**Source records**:
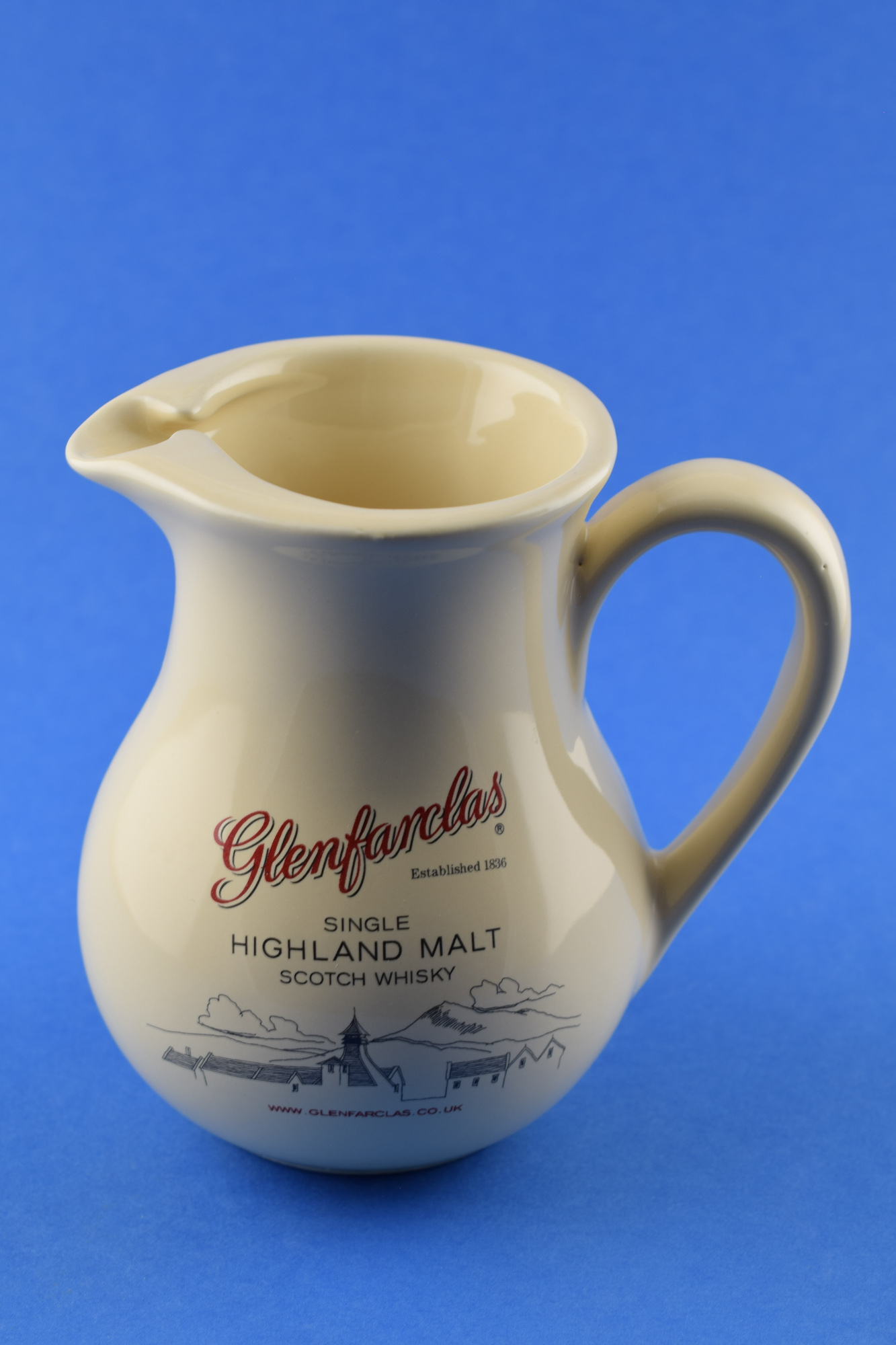 Weißer Wasserkrug aus Keramik mit beidseitigem Aufdruck des Glenfarclas-Logos in rot.
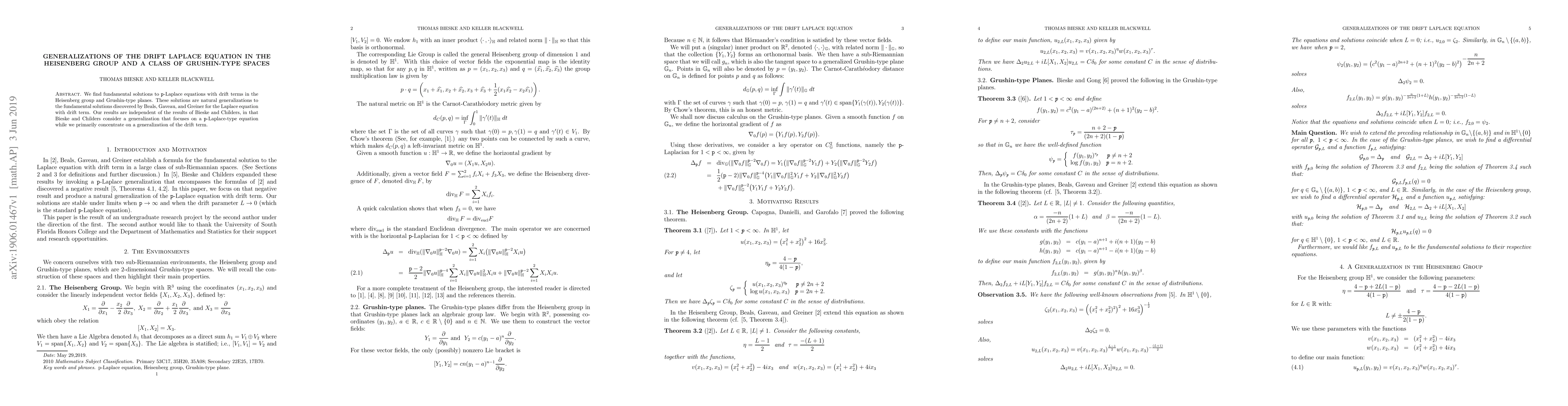 Summary: This paper discovers fundamental solutions for p-Laplace equations with drift terms in the Heisenberg group and Grushin-type spaces, extending prior results by Beals, Gaveau, and Greiner, and differs from Bieske and Childers' work by focusing on the drift term rather than the p-Laplace equation.
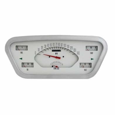 1953-55 Ford F-100 Truck 6-in-One Package with a White Face includes 140 mph Speedometer, 8000 rpm Tachometer, Fuel (75-10 ohm), Oil, Temp and Volt gauges installed in a housing and accented by a machined aluminum bezel. The completely assembled package features push button calibration, LED illumination, integrated turn signals, a blue Halo high beam indicator, built-in ECM filter signal switch, wiring harness, and all necessary sending units.
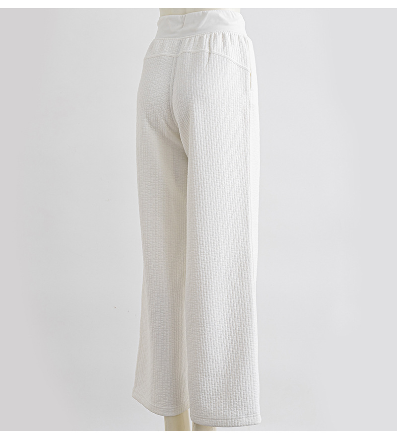 질감이있는 와플 질감 바지 여성의 높은 허리 탄성 현악기 넓은 다리 바지 스포츠 요가 피트니스 바지
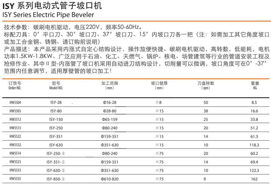 ISY系列內(nèi)漲式電動(dòng)管子坡口機(jī)是本公司研制的輕便型的鋼管坡口加工機(jī)具。該系列坡口機(jī)專為內(nèi)徑為Φ28~Φ360mm的鋼管倒角而設(shè)計(jì)。本系列鋼管坡口機(jī),采用交流220V電機(jī)作為動(dòng)力,內(nèi)漲式結(jié)構(gòu),自鋼管中心,操作方便。全新的設(shè)計(jì)理念和造型、卓越的使用性能,使其處于國(guó)內(nèi)坡口加工技術(shù)的領(lǐng)先地位。本機(jī)可對(duì)鋼管進(jìn)行坡口、平面法蘭加工。無論管壁厚薄,其加工性能與效率比起傳統(tǒng)工藝都有著不可替代的優(yōu)勢(shì)。
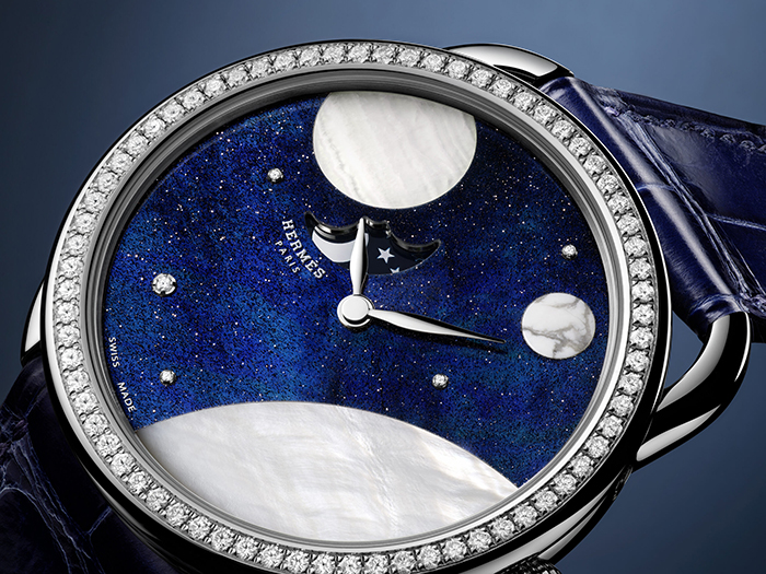 配备镶钻金质表壳的爱马仕Arceau Petite Lune腕表以宝石薄片在表盘上呈献交相辉映的星球群像。钻石的璀璨光辉映衬由砂金石、珍珠母贝、文石和蛋白石雕琢而成的星空世界,为表盘注入立体感和层次感。
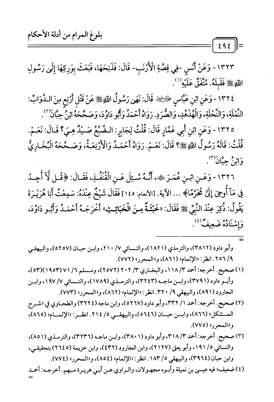 1324 - وَعَنِ ابْنِ عَبَّاسٍ رَضِيَ اللَّهُ عَنْهُمَا قَالَ: نَهَى رَسُولُ اللَّهِ - صلى الله عليه وسلم - عَنْ قَتْلِ أَرْبَعٍ مِنَ الدَّوَابِّ: النَّمْلَةِ، وَالنَّحْلَةِ، وَالْهُدْهُدِ، وَالصُّرَدِ. رَوَاهُ أَحْمَدُ وَأَبُو دَاوُدَ، وَصَحَّحَهُ ابْنُ حِبَّانَ (¬1).
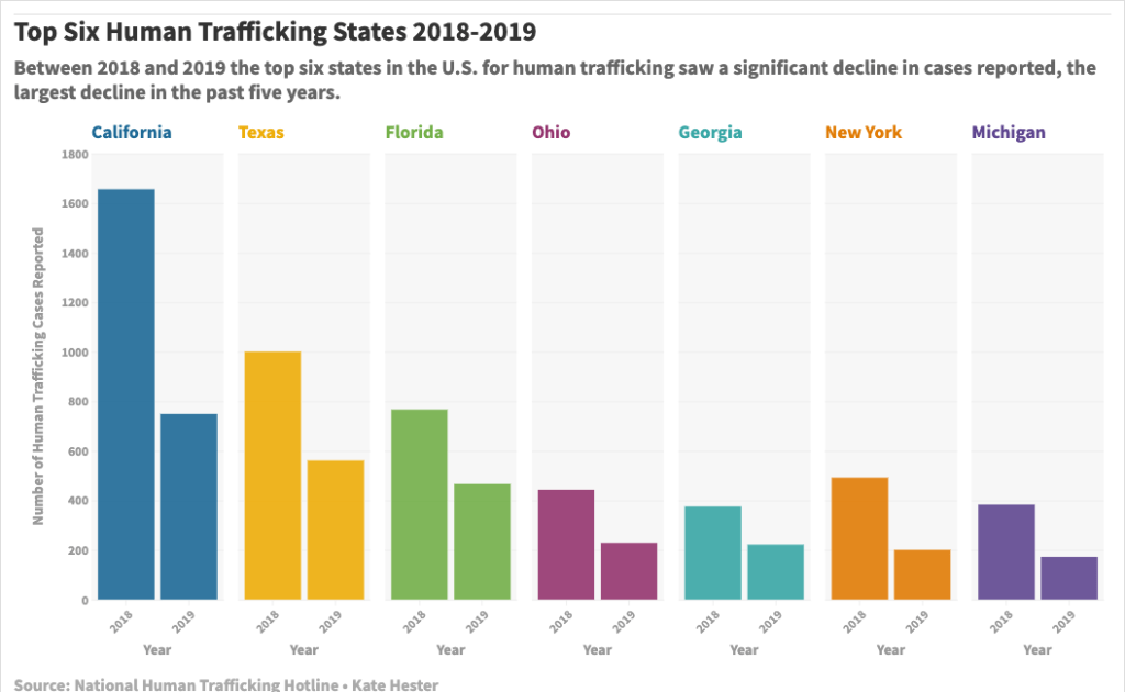 Georgia is one of the top six states for reported human trafficking cases, with 1,346 cases reported from 2015-2019. However, the data collected by the National Human Trafficking Hotline shows that there was a significant decrease in reported cases from 2018-2019. California, the state with the largest number of cases reported, dropped from 1,656 to 749 and Georgia dropped from 375 to 222 reported cases.

**Exercise**:
Would you write out every record word for word, leaving no picture in?

**Task answer**:
 Weißer Wasserkrug aus Keramik mit beidseitigem Aufdruck des Glenfarclas-Logos in rot.
 Summary: This paper discovers fundamental solutions for p-Laplace equations with drift terms in the Heisenberg group and Grushin-type spaces, extending prior results by Beals, Gaveau, and Greiner, and differs from Bieske and Childers' work by focusing on the drift term rather than the p-Laplace equation.
 1953-55 Ford F-100 Truck 6-in-One Package with a White Face includes 140 mph Speedometer, 8000 rpm Tachometer, Fuel (75-10 ohm), Oil, Temp and Volt gauges installed in a housing and accented by a machined aluminum bezel. The completely assembled package features push button calibration, LED illumination, integrated turn signals, a blue Halo high beam indicator, built-in ECM filter signal switch, wiring harness, and all necessary sending units.
 질감이있는 와플 질감 바지 여성의 높은 허리 탄성 현악기 넓은 다리 바지 스포츠 요가 피트니스 바지
 ISY系列內(nèi)漲式電動(dòng)管子坡口機(jī)是本公司研制的輕便型的鋼管坡口加工機(jī)具。該系列坡口機(jī)專為內(nèi)徑為Φ28~Φ360mm的鋼管倒角而設(shè)計(jì)。本系列鋼管坡口機(jī),采用交流220V電機(jī)作為動(dòng)力,內(nèi)漲式結(jié)構(gòu),自鋼管中心,操作方便。全新的設(shè)計(jì)理念和造型、卓越的使用性能,使其處于國(guó)內(nèi)坡口加工技術(shù)的領(lǐng)先地位。本機(jī)可對(duì)鋼管進(jìn)行坡口、平面法蘭加工。無論管壁厚薄,其加工性能與效率比起傳統(tǒng)工藝都有著不可替代的優(yōu)勢(shì)。
 配备镶钻金质表壳的爱马仕Arceau Petite Lune腕表以宝石薄片在表盘上呈献交相辉映的星球群像。钻石的璀璨光辉映衬由砂金石、珍珠母贝、文石和蛋白石雕琢而成的星空世界,为表盘注入立体感和层次感。
 1324 - وَعَنِ ابْنِ عَبَّاسٍ رَضِيَ اللَّهُ عَنْهُمَا قَالَ: نَهَى رَسُولُ اللَّهِ - صلى الله عليه وسلم - عَنْ قَتْلِ أَرْبَعٍ مِنَ الدَّوَابِّ: النَّمْلَةِ، وَالنَّحْلَةِ، وَالْهُدْهُدِ، وَالصُّرَدِ. رَوَاهُ أَحْمَدُ وَأَبُو دَاوُدَ، وَصَحَّحَهُ ابْنُ حِبَّانَ (¬1).
 Georgia is one of the top six states for reported human trafficking cases, with 1,346 cases reported from 2015-2019. However, the data collected by the National Human Trafficking Hotline shows that there was a significant decrease in reported cases from 2018-2019. California, the state with the largest number of cases reported, dropped from 1,656 to 749 and Georgia dropped from 375 to 222 reported cases.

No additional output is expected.